How Do We Know What We Like?
How do we know that we like what we like?
Where does the subjective begin to take shape?
The Dana Foundation produces a newsletter that is sent out to the scientific community, and recently they covered these questions.
The essential brain is not well understood by the multitude of people who actually possess one of their own. And, one could argue that the essential subjective brain remains a mystery.
Is the topic related to biology or is it more related to physics? A recent discovery that was announced in the New York Times shows that an isolated cell from a fruit fly is not different from an isolated from a human. Of course the difference is that for each one cell that the fruit fly has, the human has some 4,000,000 cells.
What is interesting here is that in evolutionary psychology the process of becoming a brain or a fruit cell under goes similar processes. Paul Bloom recently released a book, How Pleasure Works.
I wanted to bring this book to greater awareness because I think that Mr.
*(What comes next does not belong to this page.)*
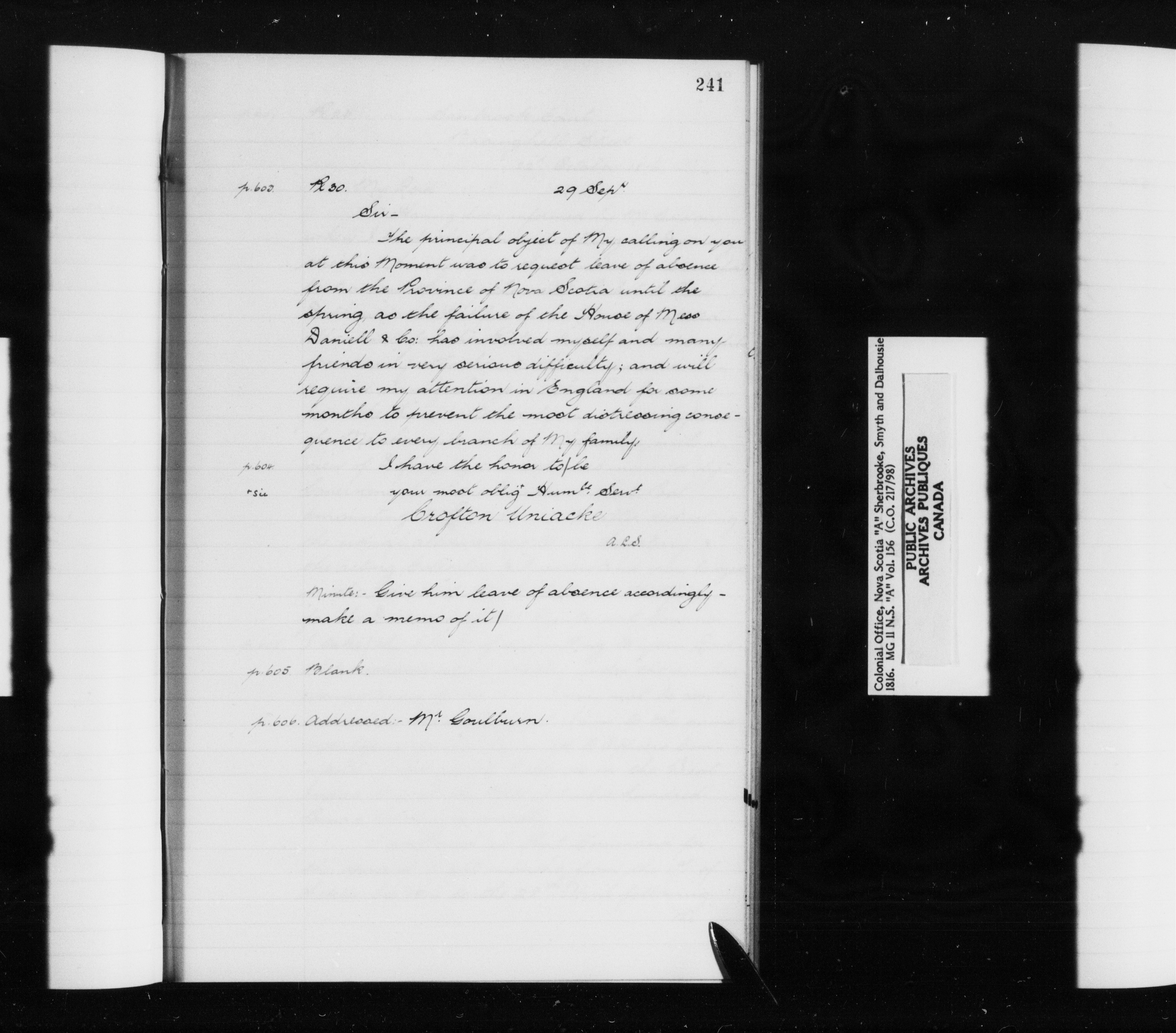 Nova Scotia and Cape Breton, Original Correspondence (CO 217) : C-9141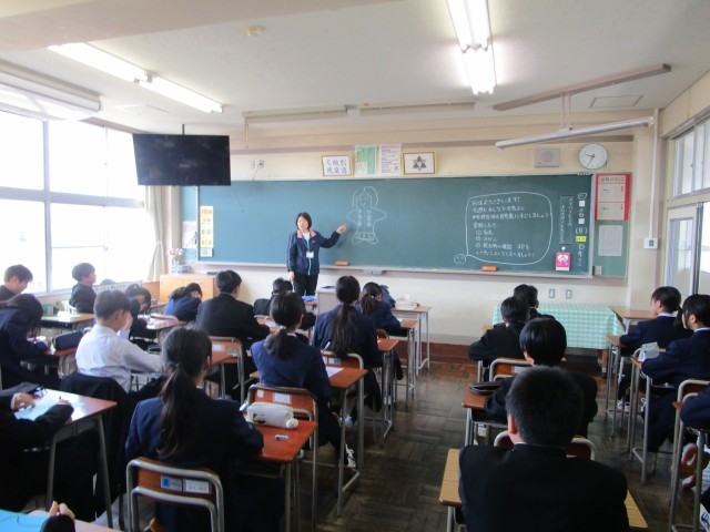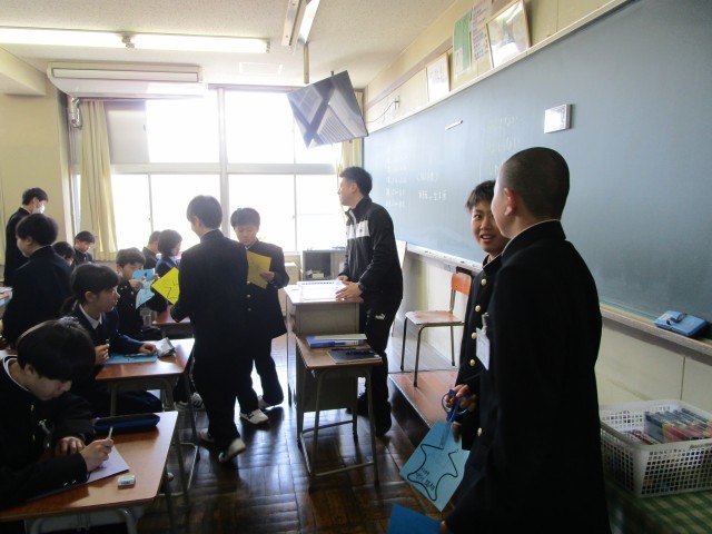 学級活動では、中学生になっての目標を書きました。それぞれ新たな生活に期待を膨らませいる様子でした。

Bloom emphasizes an aspect of humanity that is frequently overlooked, “our essentialism underlies our passions, our appetites and our desires.”
Who we are in essence is difficult to ignore, despite the fact that it is probably impossible to isolate with today's physics, or today's biology. The idea that what we like is colored by our history is not profound, by any means. One would venture to guess that a six-year-old might well have answered the question that way, which is essentially the basis of the article.
What we like comes from being who we are. The multitude of "fruit fly" cells converge into a cluster that becomes "who we are." And at a very early age we are differentiating ourselves from others. I am not a chair. I am not a table, I am not You. I am me.